Emma Christine Krogsgaard Thorbjørnsen

Student thesis: Master thesis

Abstract

The intersection between the push for renewable energy as a necessity for our planet’s future livability and the structural hardships experienced by Indigenous peoples is a complex and increasingly relevant topic. In Australia, the government is heavily investing in renewable energy projects. One of these, is a wind farm on Robbins Island, off the coast of Tasmania, where the Peerapper nation and other Indigenous nations have ancestral heritage, cultural and religious. They are resisting the project, though the company in charge, ACEN, has heavily engaged in stakeholder management and best practices. This has led me to explore the reasons for the conflict that has ensued. To understand these reasons, I apply a decolonial theoretical framework comprised of concepts and models from the literature described in the literature review.

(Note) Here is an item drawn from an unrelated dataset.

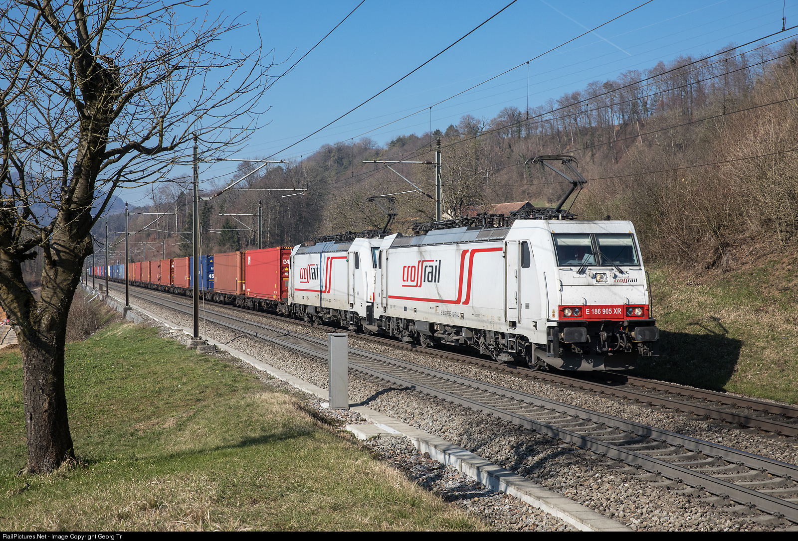 | Bombardier TRAXX F140 MS locomotives 186 # 905 and # 902 of TXLogistik are pulling southbound container train 43003 from Rheinhausen/Germany to Pomezia San Palombo/Italy on the Bözberg south ramp between Schinznach Dorf and Brugg (AG), near Umiken. |

These are misanthropic skepticism and racial capitalism, which insist on including a focus on structural power imbalance across all societal levels rooted in historic practices, events and beliefs. I add a world-system model for the visualization and conceptualization of worldsystem differences, which helps navigate the concepts of resistance and assimilation. Finally, the concepts of social license to operate and Free, Prior and Informed Consent (FPIC) to include a corporate and governance level. Through an exploratory approach to this single case study, I find that the reasons for conflict are deep-rooted and complex. There is an intense resistance due to irreconcilable differences in world-systems, as well as a structural continued push for land acquisition despite reconciliation efforts. There is duality and counterproductive forces in this conflict that has themes of self-determination, of domination and of traumatic history either repressed or remembered, depending on which side is addressed.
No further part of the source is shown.